* Work instructions *
Below are records with pictures in them. Output exactly the lines from the one with "Σετ Λαδιού: Λευκό" through the one with "2022年3月3日,江苏省南", both included, and leave every picture out; give only those lines.

* Data to examine *
══════

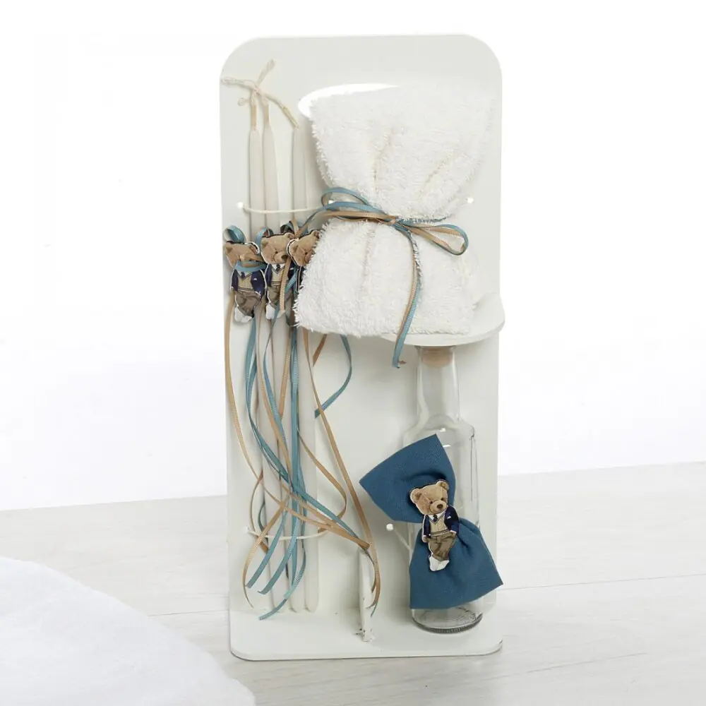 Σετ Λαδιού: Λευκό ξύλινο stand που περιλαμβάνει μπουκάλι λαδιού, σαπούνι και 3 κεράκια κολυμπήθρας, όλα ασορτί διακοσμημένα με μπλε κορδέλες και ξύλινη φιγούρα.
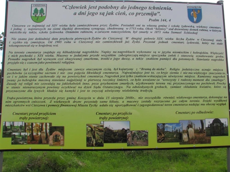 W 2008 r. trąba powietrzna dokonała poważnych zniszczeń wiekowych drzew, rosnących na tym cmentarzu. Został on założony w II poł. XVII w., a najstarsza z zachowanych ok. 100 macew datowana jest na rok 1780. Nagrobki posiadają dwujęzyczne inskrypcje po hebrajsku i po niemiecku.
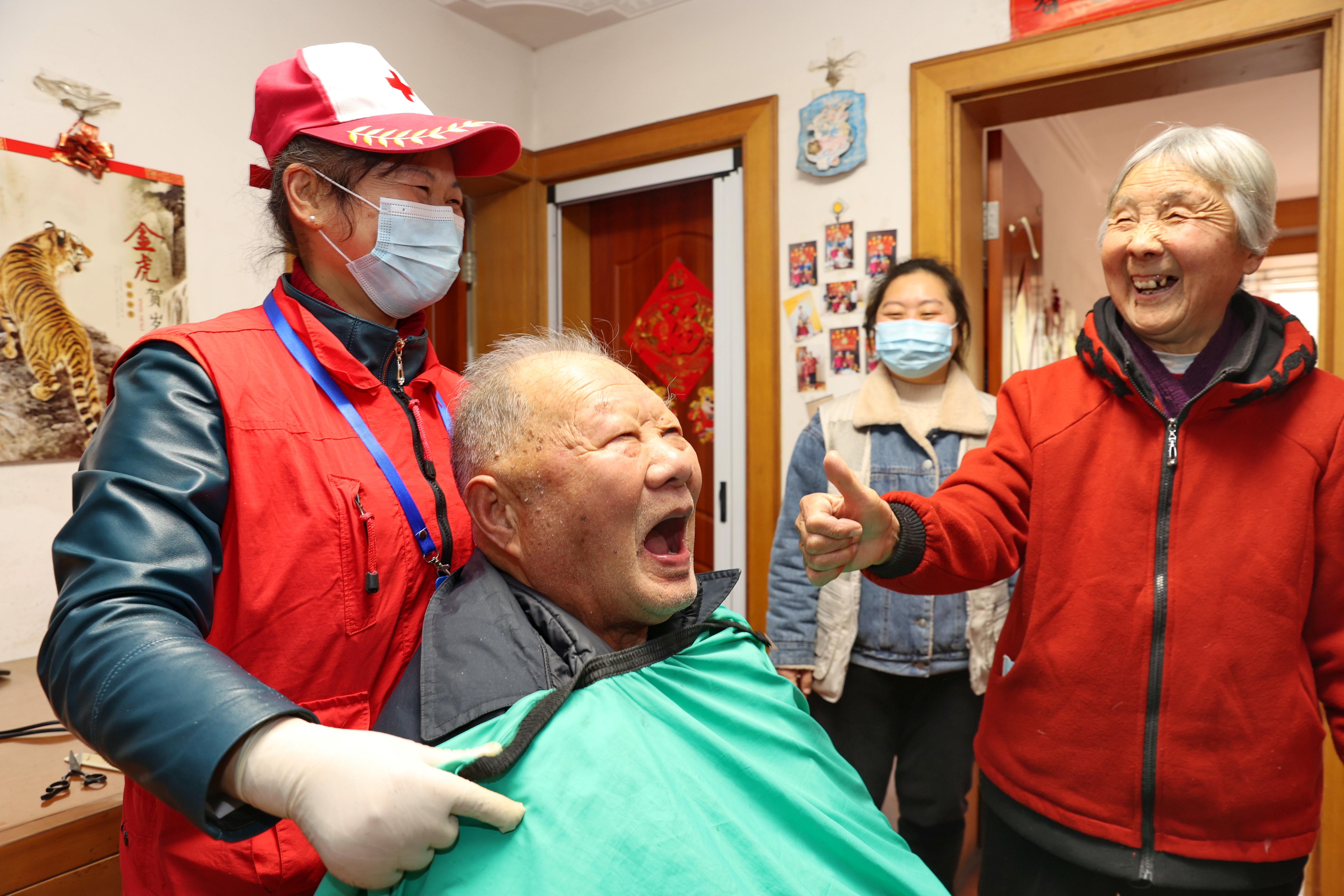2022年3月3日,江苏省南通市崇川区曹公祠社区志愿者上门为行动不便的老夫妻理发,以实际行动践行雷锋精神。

══════

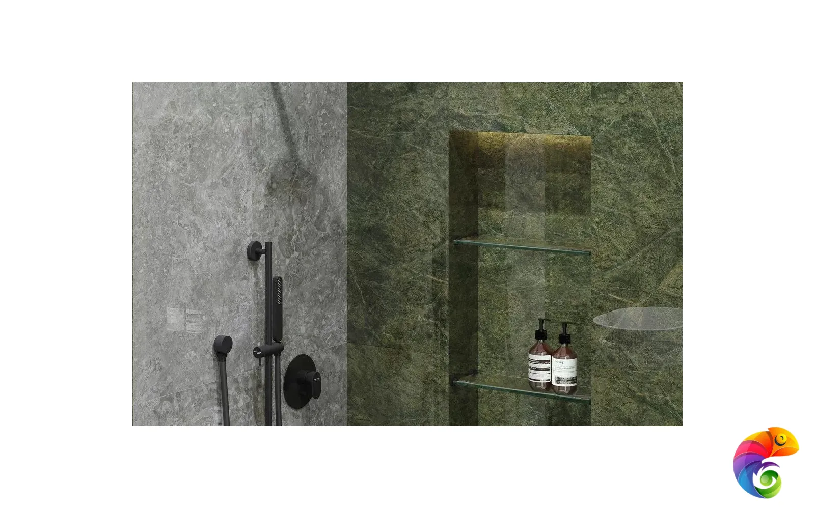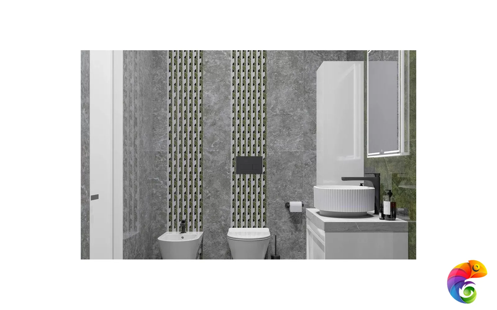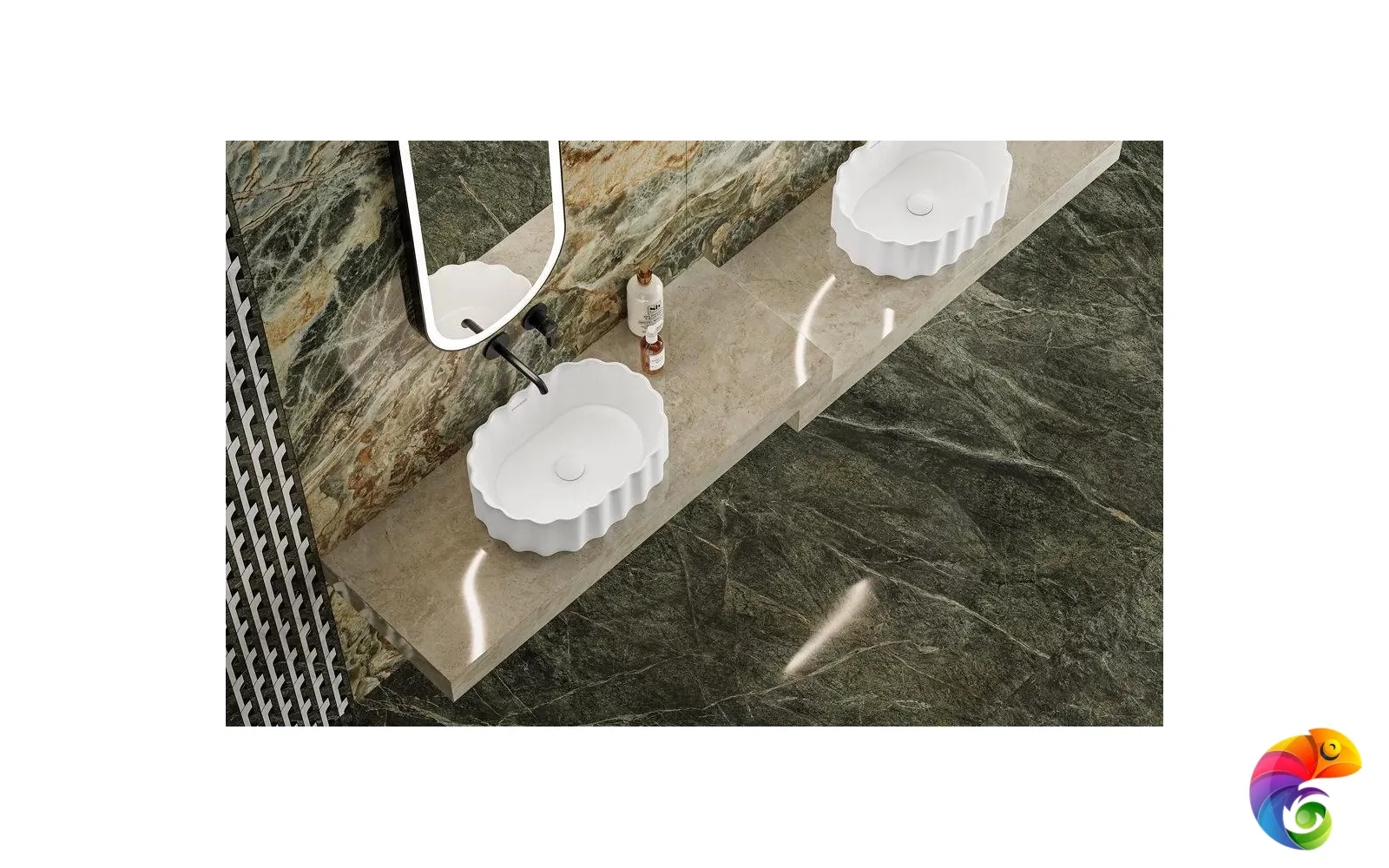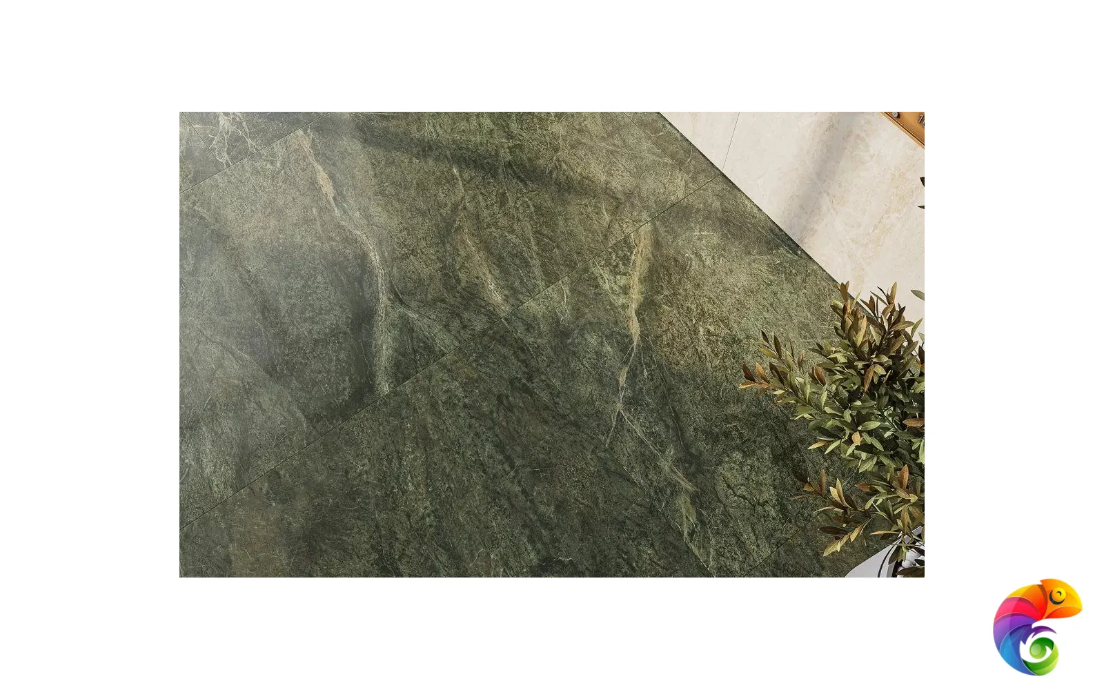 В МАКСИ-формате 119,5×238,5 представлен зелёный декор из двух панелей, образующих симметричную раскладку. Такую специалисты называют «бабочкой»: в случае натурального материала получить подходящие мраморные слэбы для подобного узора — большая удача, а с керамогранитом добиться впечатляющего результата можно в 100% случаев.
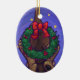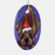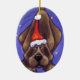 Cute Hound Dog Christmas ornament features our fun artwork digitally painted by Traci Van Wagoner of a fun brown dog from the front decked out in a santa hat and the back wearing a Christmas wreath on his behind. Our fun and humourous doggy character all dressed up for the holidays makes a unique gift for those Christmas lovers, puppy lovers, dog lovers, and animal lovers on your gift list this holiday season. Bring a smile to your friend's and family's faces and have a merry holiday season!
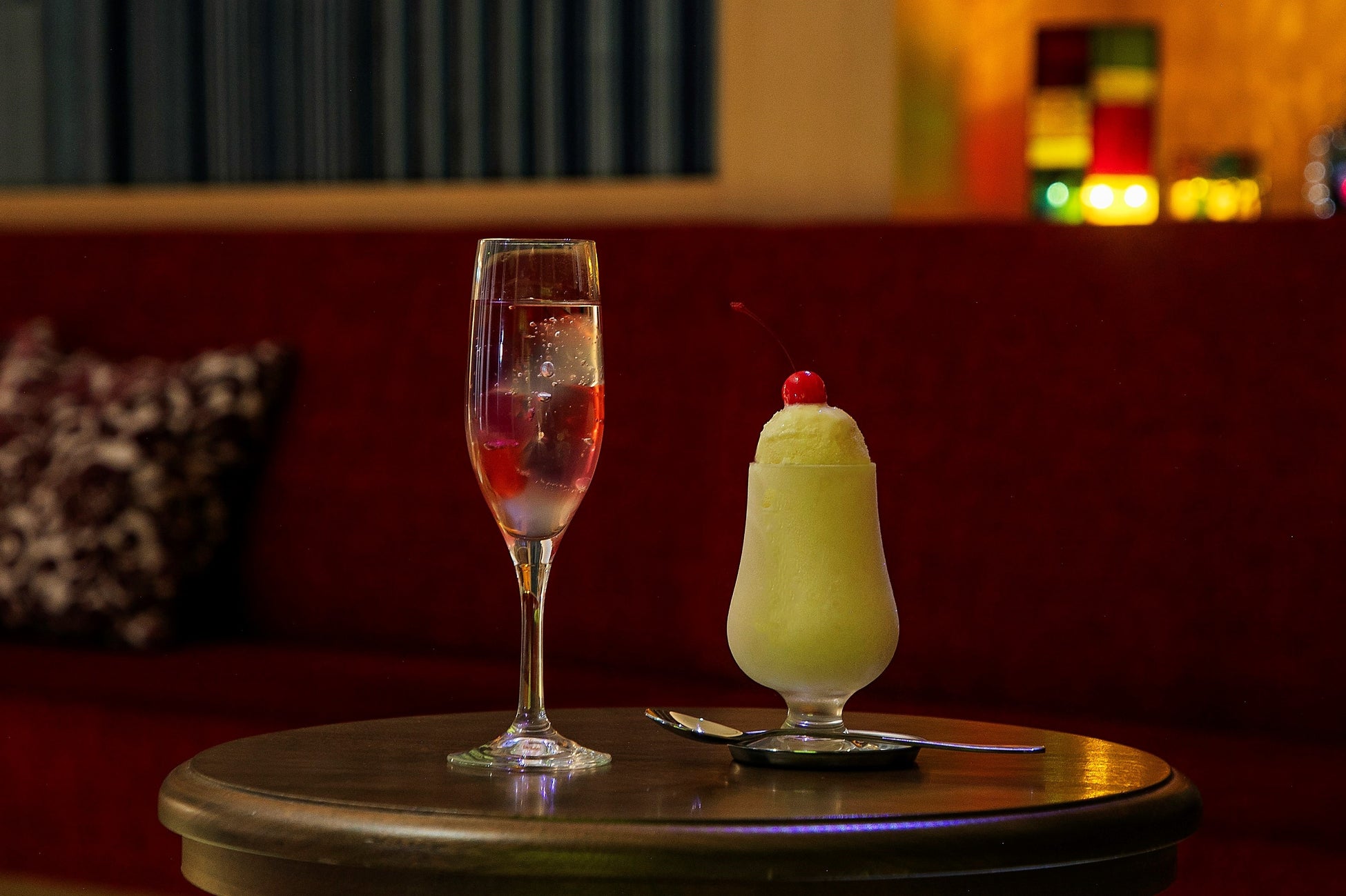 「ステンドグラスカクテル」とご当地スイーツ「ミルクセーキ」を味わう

══════

* Reply to the task *
 Σετ Λαδιού: Λευκό ξύλινο stand που περιλαμβάνει μπουκάλι λαδιού, σαπούνι και 3 κεράκια κολυμπήθρας, όλα ασορτί διακοσμημένα με μπλε κορδέλες και ξύλινη φιγούρα.
 W 2008 r. trąba powietrzna dokonała poważnych zniszczeń wiekowych drzew, rosnących na tym cmentarzu. Został on założony w II poł. XVII w., a najstarsza z zachowanych ok. 100 macew datowana jest na rok 1780. Nagrobki posiadają dwujęzyczne inskrypcje po hebrajsku i po niemiecku.
2022年3月3日,江苏省南通市崇川区曹公祠社区志愿者上门为行动不便的老夫妻理发,以实际行动践行雷锋精神。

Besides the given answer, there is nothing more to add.